Ensina Lopes (2006, p.42), com base na doutrina contemporânea, que o sentido da aplicação desse princípio é bem amplo compreendendo: A) o direito de ser ouvido; B) o direito de acompanhar os atos processuais; C) o direto de produzir provas; D) o direito de ser informado regularmente dos atos praticados no processo; E) direito à motivação da sentença; F) o direito de impugnar decisões.
Segundo Joaquim Canuto Mendes de Almeida, autor citado por Lopes, “o contraditório é a ciência bilateral dos atos e termos processuais e possibilidade de contrariá-los.”
Dessa forma, o réu tem direito de ser informado da ação proposta pelo autor e possibilidade de apresentar contestação no prazo legal. Se a contestação for instruída com documentos, o autor terá direito de se manifestar sobre eles e oferecer contraprova. Dos atos subseqüentes (nomeação de perito, designação de audiência etc) ambas as partes devem ser informadas regularmente (intimação).
Diferente não pensa Gonçalves (2006, p.30). Segundo ele “é preciso dar ciência ao réu da existência do processo, e às partes, dos atos que nele são praticados, permitindo-lhes reagir àqueles que lhes sejam desfavoráveis. As partes têm o direito de ser ouvidas e de expor ao julgador os argumentos que pretender ver colhidos”. 
Necessário ainda problematizarmos sobre a concessão da providência jurisdicional de forma antecipada (a chamada tutela antecipada) e da concessão de liminares em medidas cautelares. Referidas concessões feririam o princípio do contraditório e da ampla defesa já que a parte contrária não é ouvida nos autos antes do deferimento das mesmas? Vejamos:
Segundo Montenegro (2007, p.33): É inegável que o deferimento da liminar ou da tutela antecipada, sem a ouvida da parte contrária, em tese arrepia o princípio constitucional do contraditório e da ampla defesa, visto que foi deferida determinada providência jurisdicional ao autor sem o estabelecimento do contraditório, ou seja, sem garantir à parte contrária o direito de se defender, de se contrapor aos argumentos que arrimam o pleito liminar. Embora respeitando valorosas opiniões em sentido contrário, entendemos que essa atuação do magistrado não importa, pelo menos em regra, na infração ao princípio constitucional examinado, desde que em companhia da observância de outros princípios constitucionais, sobretudo do da motivação. Nesse sentido, o magistrado deve demonstrar que o excepcional deferimento da providência pleiteada, sem a ouvida da parte contrária (sem estabelecimento do contraditório), se deu por ter o autor preenchido, de forma objetiva, os requisitos peculiares à espécie (fumus boni júris e periculum in mora, na cautelar, e a prova inequívoca da verossimilhança da alegação e periculum in mora ou manifesto propósito protelatório do réu, na antecipação da tutela). 

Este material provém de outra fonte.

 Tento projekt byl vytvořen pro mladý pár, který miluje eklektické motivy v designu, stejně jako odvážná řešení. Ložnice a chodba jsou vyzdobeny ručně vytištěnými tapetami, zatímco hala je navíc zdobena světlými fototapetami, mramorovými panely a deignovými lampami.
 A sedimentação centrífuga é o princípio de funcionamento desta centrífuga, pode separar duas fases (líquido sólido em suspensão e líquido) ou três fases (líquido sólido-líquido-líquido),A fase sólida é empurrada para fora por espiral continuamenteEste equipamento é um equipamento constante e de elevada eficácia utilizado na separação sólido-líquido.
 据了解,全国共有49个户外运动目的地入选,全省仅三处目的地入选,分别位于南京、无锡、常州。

Gonçalves (2006, p.31) também coaduna com o pensamento de Montenegro afirmando que “não há qualquer ofensa a esse princípio na concessão de liminares inaudita altera parte, pois elas pressupõem uma situação de urgência tal que não há tempo hábil para ouvir a parte contrária, ou a existência de risco nessa ouvida, ante a perspectiva de que ele tome providências para tornar inviável a realização da medida.” 

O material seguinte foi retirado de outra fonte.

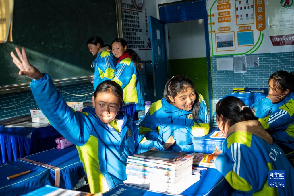 斯曲卓瑪(右三)和同學在課間休息(11月10日攝)。
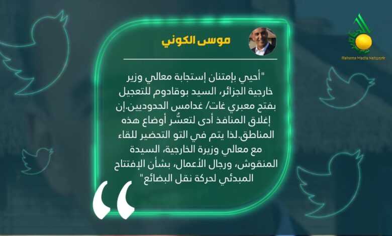 وأعرب الكوني، عن سعادته وامتنانه، في تغريدة له عل حسابه على موقع التواصل الاجتماعي، تويتر، عن إستجابة وزير خارجية الجزائر، صبري بوقادوم للتعجيل بفتح معبري غات/ غدامس الحدوديين.
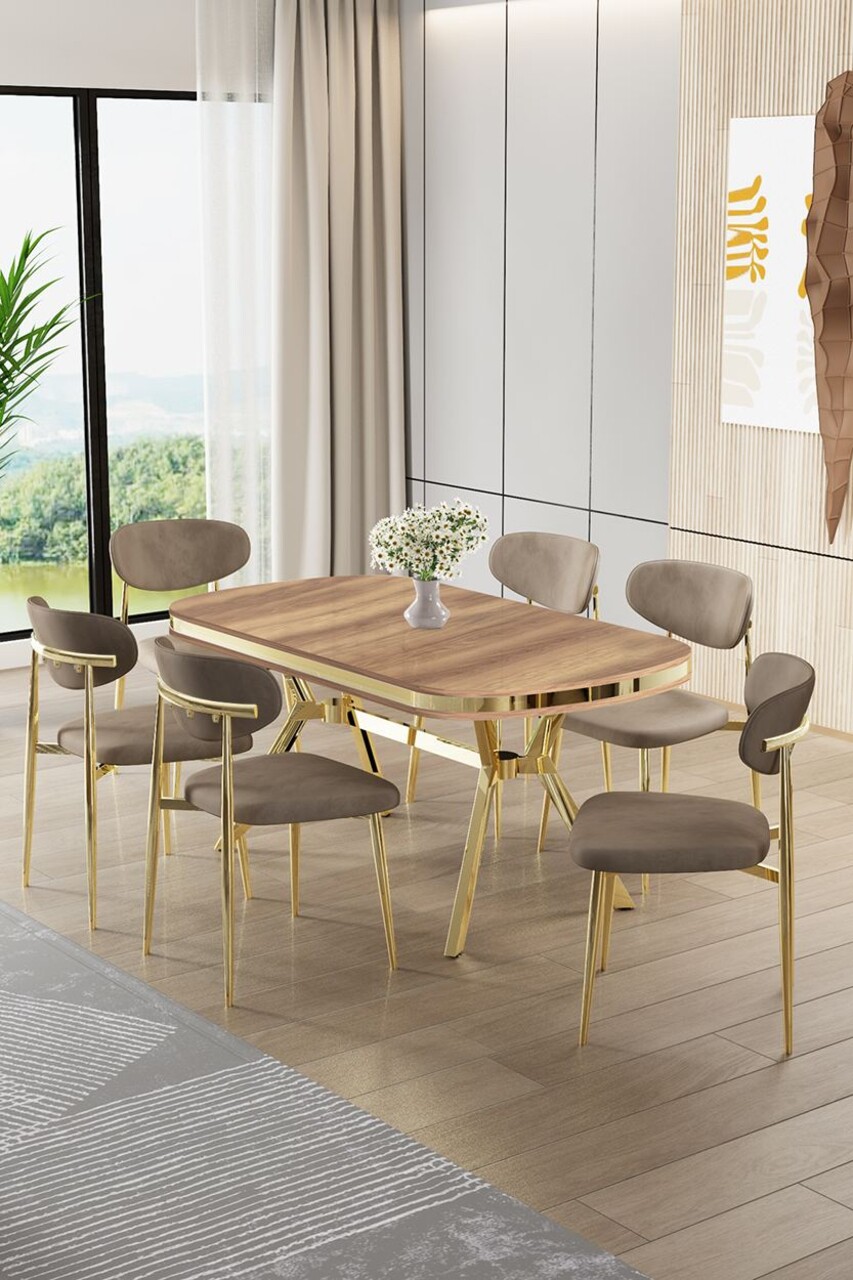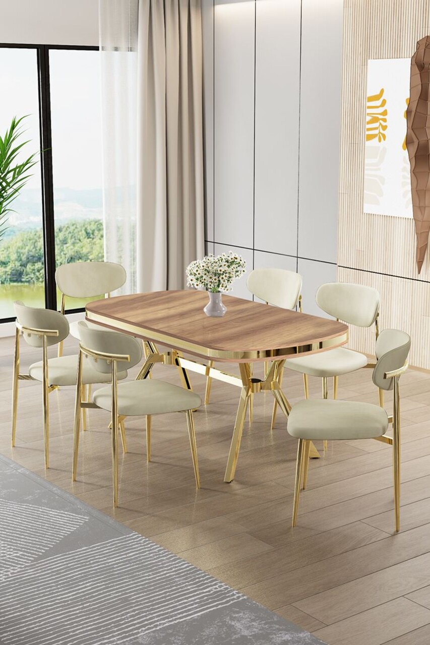 Set masă și scaune (7 piese), Hanah Home, Olya, Stejar / Auriu / Cappuccino
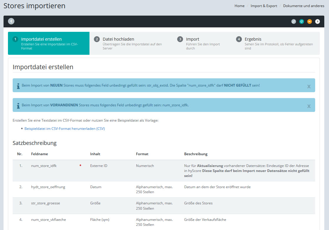 Die Importdateien für neue Stores oder Store-Änderungen sind jedoch unterschiedlich aufgebaut, Sie können deshalb im gleichen Importvorgang entweder nur neue Stores anlegen oder nur vorhandene Stores ändern.
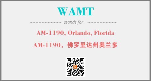 上述内容是“AM-1190, Orlando, Florida”作为“WAMT”的缩写,解释为“AM-1190,佛罗里达州奥兰多”时的信息,以及英文缩略词WAMT所代表的英文单词,其对应的中文拼音、详细解释以及在英文中的流行度和相关分类、应用领域及应用示例等。
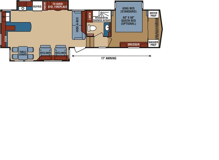The sleeping arrangements are designed for comfort and convenience. The master bedroom offers a cozy queen-sized bed, while additional sleeping spaces include convertible sofas and bunks, ensuring everyone has a restful night. The bathroom is spacious and includes a shower, sink, and toilet, providing all the comforts of home on the road. With its robust construction and thoughtful design, the 2017 KZ Durango Gold G353RKT is your ticket to unforgettable adventures. Don’t miss the opportunity to own this exceptional fifth wheel and create lasting memories on your travels.

Dessa monta, preenchidos os requisitos de cada espécie somados ao atendimento do princípio da motivação das decisões judiciais (art.93, inc.IX da CF), inegável que referidas concessões não ferem o princípio do contraditório e da ampla defesa.
Vale aclarar que em tendo sido deferida a liminar ou a antecipação da tutela, será aplicado a partir daí o princípio do contraditório e da ampla defesa, por meio da garantia atribuída ao réu de oferecer sua defesa, rebatendo e tentando afastar a medida meramente provisória que foi contra si deferida.